The first component of ASTRA is a trajectory synthesis pipeline that exploits the static topology of tool‑call graphs. The authors first collect tool specifications from public MCP (Multi‑Component Platform) registries, API marketplaces, and internal documentation, then normalize all tools to a unified schema compatible with OpenAI’s tool‑calling protocol. For each MCP server, they construct a directed transition graph where nodes are tools and edges indicate that one tool can follow another in a valid sequence. By performing length‑bounded random walks on this graph (biased by observed frequencies), they generate candidate tool‑chains. Each chain is checked for dependency consistency (required arguments must be supplied by earlier tools) and task‑chain coherence (the associated user task must be plausible).

User tasks are then generated conditioned on either a validated tool‑chain (chain‑conditioned mode) or only on the server specification (server‑only mode) to ensure both executability and topical coverage. Tasks are further augmented along three axes—paraphrastic diversity, increased complexity, and persona conditioning—while preserving language consistency and semantic intent. A three‑dimensional scoring function evaluates question quality, scenario realism, and necessity of tool use; only tasks surpassing predefined thresholds are retained. The resulting tasks, together with the tool‑chains, are fed to a Qwen‑Agent that interacts with a hybrid tool pool (real MCP servers and emulated “doc‑only” tools). The emulator injects a 20 % failure probability to mimic real‑world unreliability.

For supervised fine‑tuning (SFT), ASTRA automatically scores each generated trajectory using seven trajectory‑level metrics: query understanding, planning, tool‑response context understanding, tool‑response context‑conditioned planning, tool‑call success rate, tool‑call conciseness, and final answer quality (semantic correlation plus faithful summarization). The arithmetic mean of these scores forms a scalar reward that guides SFT, producing an initial policy that is already adept at multi‑turn tool usage.

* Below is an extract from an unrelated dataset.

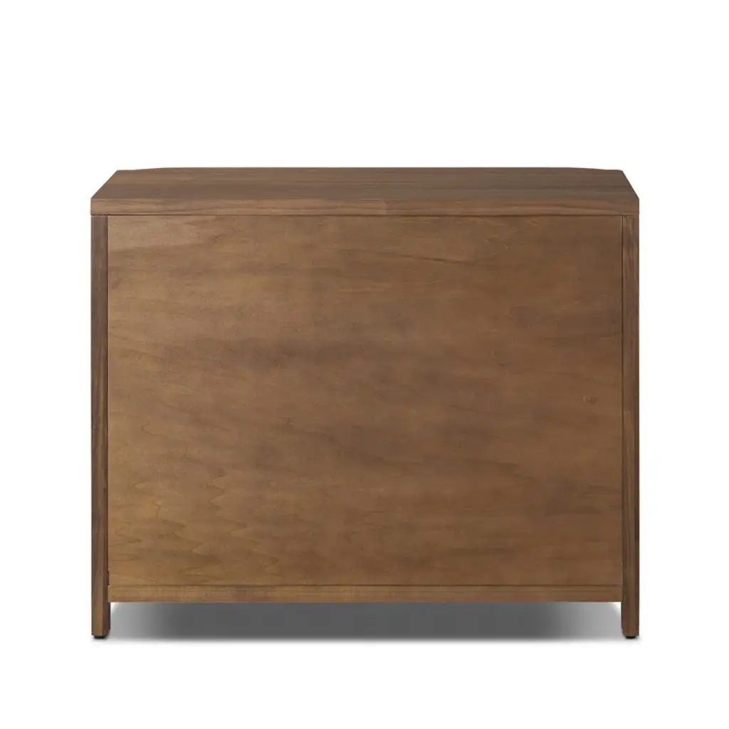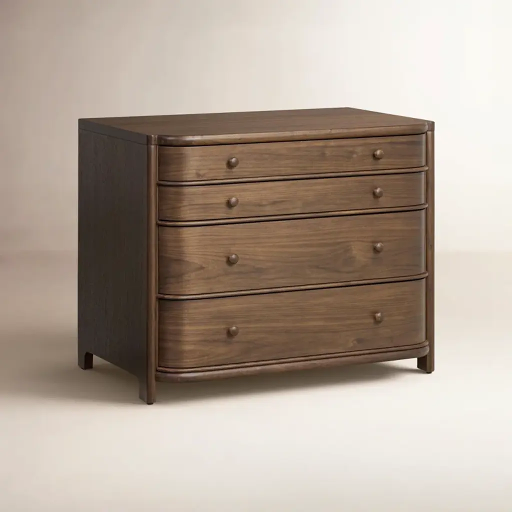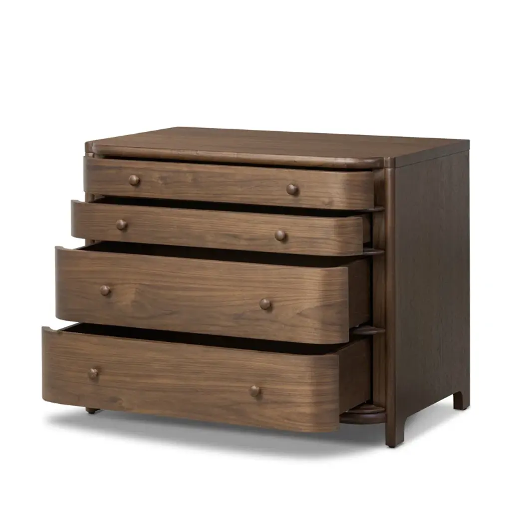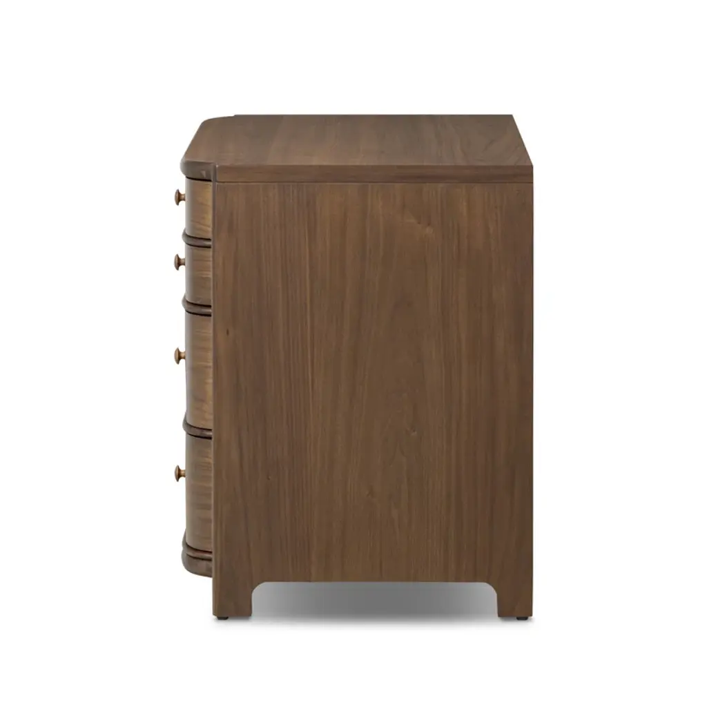 A design collaboration by Amber Lewis and Four Hands. Bring warmth, character, and extra storage to a room with this quiet stunner. Crafted from rich, dark brown walnut, this spacious nightstand features curved front drawers for extra movement throughout. Finished with wooden knobs and paddle leg detailing.

The second component is an environment synthesis framework that turns QA instances into executable, rule‑verifiable code environments. Human‑written question‑answer pairs are parsed to extract a semantic topology, which is then compiled into independent Python scripts together with a suite of deterministic tests. Because the environment’s state transitions and reward signals are fully specified, online reinforcement learning can be performed with stable, reproducible feedback.

Training proceeds in two stages: (i) SFT on the synthetic trajectories to obtain a strong base policy, and (ii) multi‑turn online RL across a diverse set of generated environments. The RL reward combines the same seven metrics, encouraging both task completion and interaction efficiency. An “irrelevant‑tool mixing” technique penalizes unnecessary tool calls, further promoting concise behavior.

Experiments on multiple benchmarks—including BFCL v3, ToolBench, and ReAct—show that ASTRA‑trained models achieve state‑of‑the‑art performance among models of comparable size, often surpassing them by 5–12 percentage points. The gains are especially pronounced on long‑horizon, multi‑turn tasks where prior methods struggled. Moreover, ASTRA models exhibit fewer redundant tool calls and higher overall efficiency, narrowing the gap to closed‑source commercial systems such as ChatGPT‑4.

All pipelines, synthesized tool documents, trajectories, environments, and trained checkpoints are released publicly on GitHub, ensuring reproducibility and enabling future research to extend the framework to new domains and toolsets. In summary, ASTRA provides a comprehensive solution that automates data generation, creates verifiable RL environments, and unifies supervised and reinforcement learning to produce robust, generalizable tool‑using agents.